Como alguien que ha cubierto emergencias en esta ciudad durante décadas, cada nueva actualización en una tragedia como esta resuena con un peso familiar y profundamente doloroso. La Secretaría de Salud de la Ciudad de México confirmó en su último boletín que el saldo ha ascendido a 17 personas fallecidas a causa de la devastadora explosión de una pipa de gas licuado de petróleo en el Puente de la Concordia, en Iztapalapa.
El reporte oficial, emitido a las 10:00 horas, es un recordatorio sombrío de cómo estas situaciones evolucionan. He aprendido, a menudo de la manera más difícil, que las primeras cifras en una catástrofe son casi siempre preliminares; la verdadera magnitud se revela con el lento y meticuloso trabajo de los equipos de primera respuesta en el lugar de los hechos.
Esta actualización no es solo un número frío.
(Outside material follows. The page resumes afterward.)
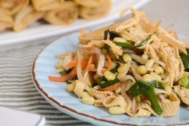 春餅最完美的搭檔要數(shù)炒合菜(用韭菜、雞蛋、粉絲、豆芽炒在一起的一道菜肴)。

Que el número de fallecidos haya escalado de 13 a 17 en apenas 48 horas subraya una triste realidad que he visto antes: los heridos más críticos a menudo luchan por sus vidas durante horas o días, y el trabajo de los rescatistas implica recuperar con extrema cuidado cada víctima, un proceso que puede llevar tiempo pero es esencial para el duelo de las familias y la precisión del informe final.